L’IoT pour prévenir les épisodes neigeux ?

L’IoT pour prévenir les épisodes neigeux qui paralysent les métropoles ?

Alors que les villes se retrouvent face à des épisodes neigeux qui paralysent la circulation, de nouvelles techniques basées sur l’Internet des objet pourraient leur permettre de gagner en efficacité et en réactivité, estime Ludovic Broquereau, directeur marketing chez HIKOB.

Ludovic Broquereau, directeur marketing, commercial & projets d’HIKOB

 

Ludovic Broquereau, directeur marketing, commercial & projets d’HIKOB

 

Si la neige fait la joie des stations de ski, elle devient très vite un cauchemar pour les grandes métropoles, où elle est plutôt synonyme de voitures bloquées et de paralysie économique, comme l’attestent les derniers épisodes neigeux de décembre 2017, notamment à Lyon.

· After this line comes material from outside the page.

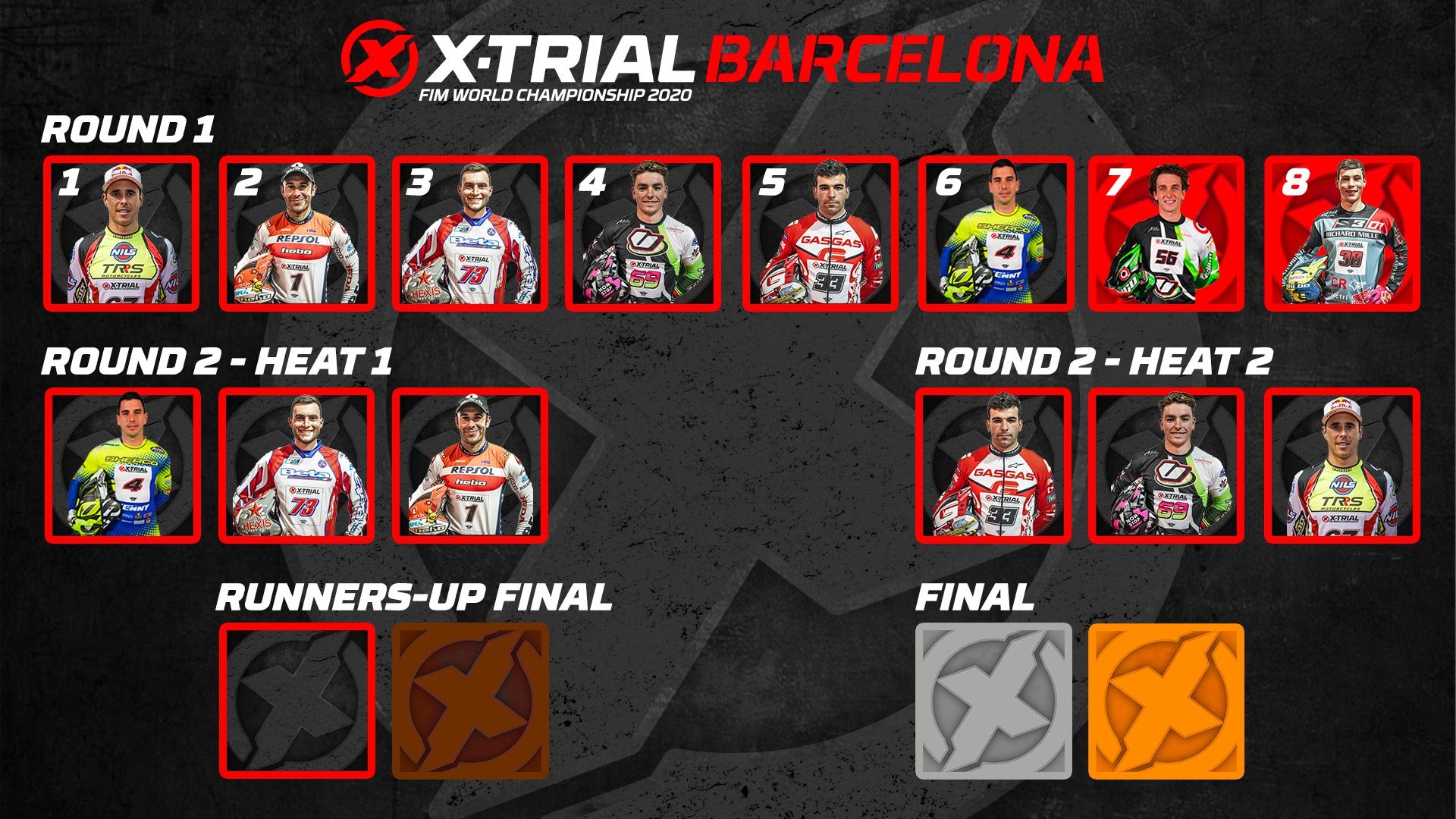 Für Vertigo war es ein ganz besonderes Ereignis, da die Marke über eine eigene Abteilung verfügte, die sich als eine der technischsten und schwierigsten der Nacht herausstellte. In Bezug auf die Ergebnisse war Miquel Gelabert der 7., er hat Momente der Brillanz hinterlassen, aber X-Trial lässt keine Fehler zu und mit 19 Punkten ist er nicht in die 2. Runde vorgerückt. Jaime Busto war kurz davor, sich in den Kampf um die Top 3 zu schleichen. Er war nur einen Punkt von der Qualifikation für das Finale der Zweitplatzierten entfernt. Er war Fünfter, belegte aber mit nur drei verbleibenden Runden weiterhin den dritten Tabellenplatz.

Même si les villes ont à leur disposition un ensemble de dispositifs de maintien et de rétablissement des conditions de circulation (communément appelé « Viabilité Hivernale »), cela n’est pas suffisant. Pour fonctionner, ces dispositifs se basent principalement sur des informations issues de modèles de surveillance météorologiques couplés à un ensemble de scénarios de prévisions. Des systèmes de modélisation et de prévision qui par nature ne sont pas assez localisés et n’exploitent pas suffisamment les données d’observation pour être utilisés de manière efficace.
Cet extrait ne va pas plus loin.